── Data shown ──

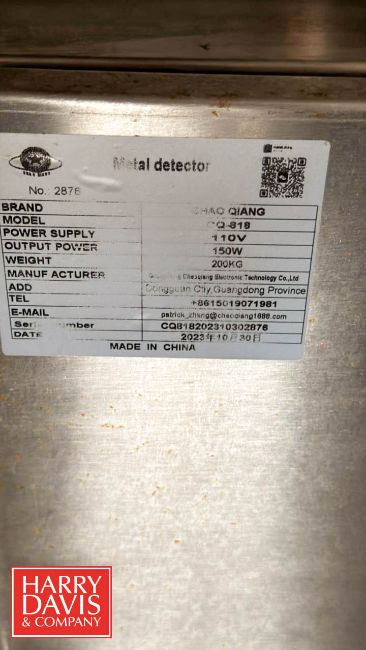 2023 Metal Detector: 59" x 28" x 39", Model: CQ-818, S/N: CQ818202310302876 with 8" x 18" Aperture, Conveyor and Digital Control
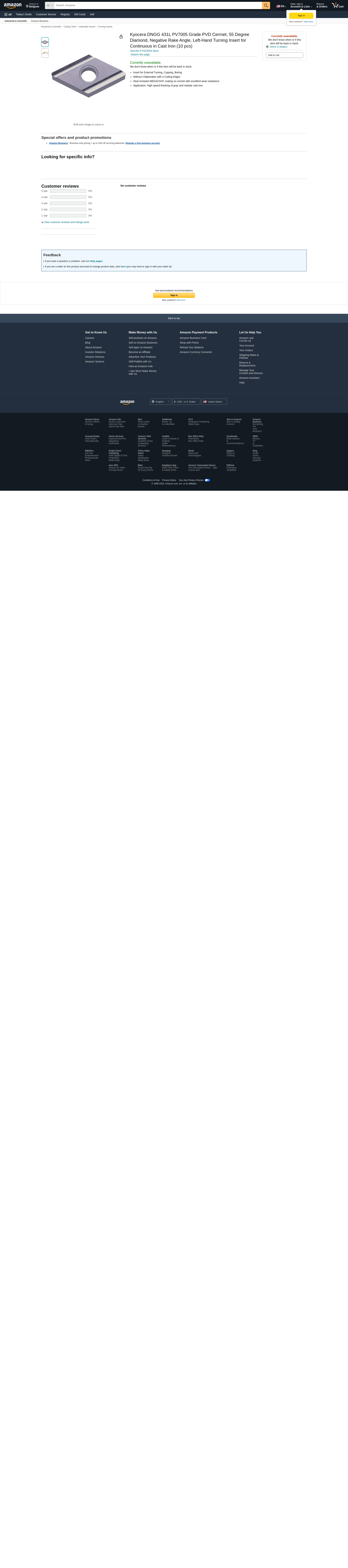 Kyocera DNGG 431L PV7005 Grade PVD Cermet, 55 Degree Diamond, Negative Rake Angle, Left-Hand Turning Insert for Continuous in Cast Iron (10 pcs)
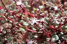 It is an annual herb forming a prostrate mat or clump with stems up to a meter long. It is green to red in color, hairless except for small lines of hairs near the leaves, and fleshy. The leaves have small round or oval blades up to 4 centimeters long borne on short petioles. Solitary flowers occur in leaf axils. The flower lacks petals but has purple, petallike sepals. The fruit is a curved, cylindrical capsule emerging from the stem. It is up to half a centimeter long and has two erect, pointed wings on top, where the capsule opens.
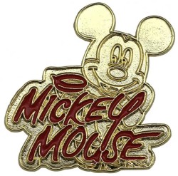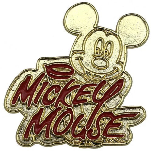 | This pin is gold with Mickey Mouse in the background and his signature in red. |
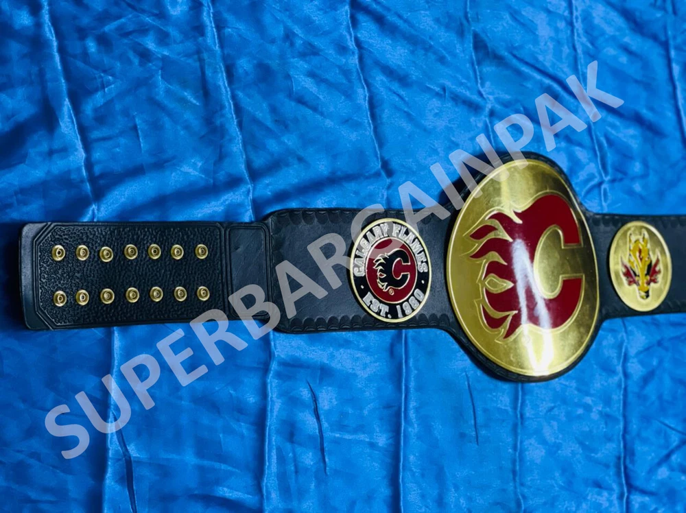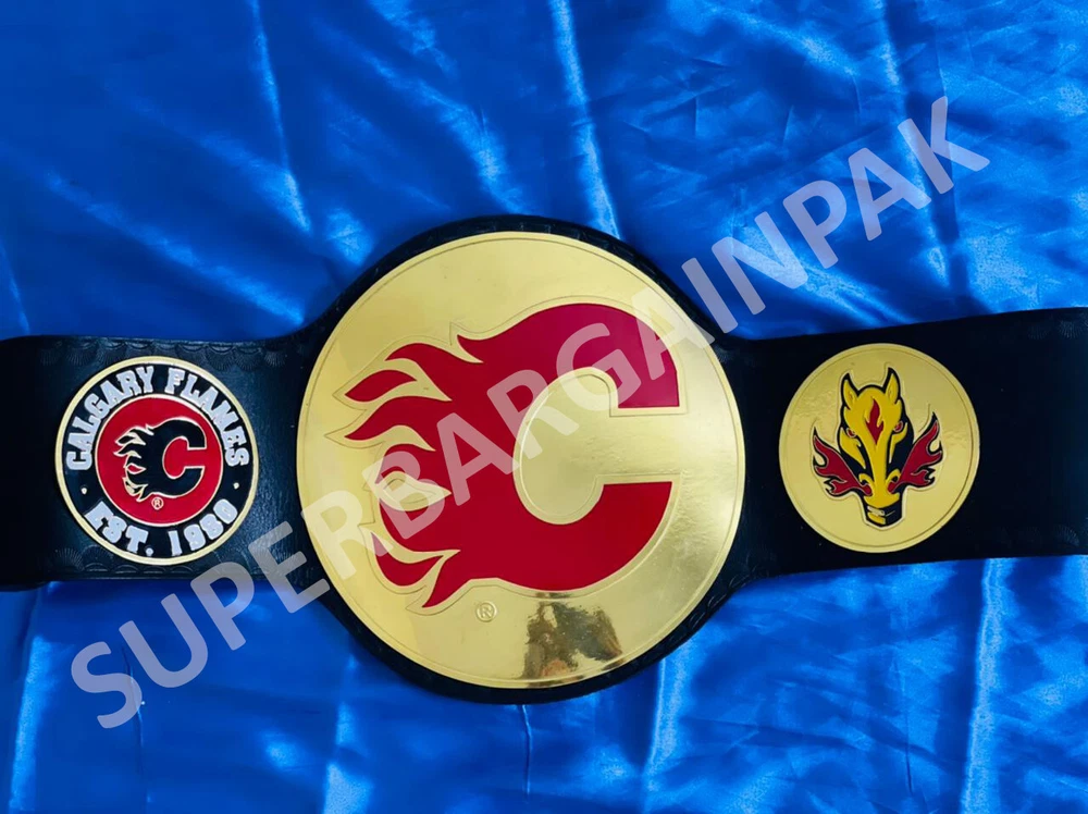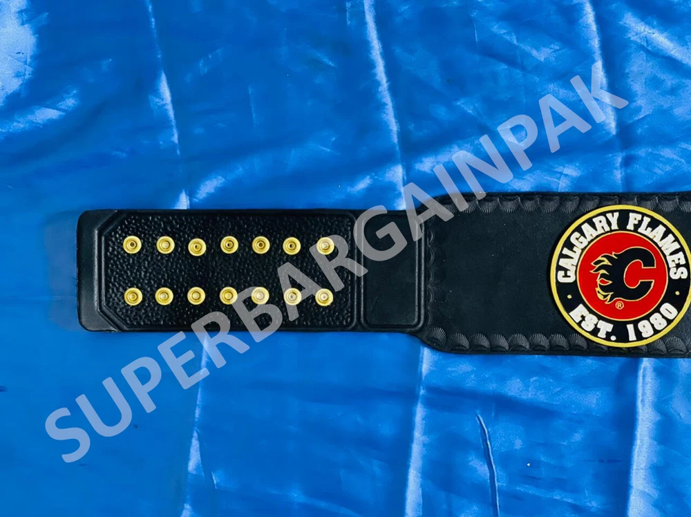 Welcome to our shop ------------------------------------------- We are specialist in manufacturing handmade products:: Our wide range of products include: >>>>Championship Belts WWE | WWF | AEW | UFC | WBC | WCW MINI SIZE ALSO AVAILAVLE FOR CHILD Product Description *** Calgary Flames Ice Hockey Championship Belt Adult size *** Plate Metal: Brass (Zinc available on request with additional cost) Strap: 100% Leather Largest Waist Size: Fits upto 46'' Belt Length: ~50" Weight: 6.17 lbs | 2.81 Kg Plate Thickness: 2mm (4mm Version available on demand with additional cost) ::The belt is well crafted and manufactured to meet the quality demands of fans:: Get your hands on this marvelous piece now! Note: If you need further details kindly inbox us, we will try to be as responsive as possible. ------------------------------------------- Return Policy: Generally we don't have much complains on our products and we make sure to 100% satisfy our clients. We send the product in well Bubble Wrapped packaging so there is highly unlike chance of getting damaged item. In case there is a damage, we will try to give partial refund or you can ask for full refund within 30 days after returning the belt to origin. NOTE: 1. If you have placed the order by mistake or you have purchased a wrong item then we are not going to refund that. 2. Buyer will pay the shipping fee of returning the belt. ------------------------------------------- Happy Shopping! :)

───

_What is being asked_. Retype the entries above exactly, starting at their first line and ending with the line that holds "Kyocera DNGG 431L"; pictures stay out.

_Solution for this task_.
 2023 Metal Detector: 59" x 28" x 39", Model: CQ-818, S/N: CQ818202310302876 with 8" x 18" Aperture, Conveyor and Digital Control
 Kyocera DNGG 431L PV7005 Grade PVD Cermet, 55 Degree Diamond, Negative Rake Angle, Left-Hand Turning Insert for Continuous in Cast Iron (10 pcs)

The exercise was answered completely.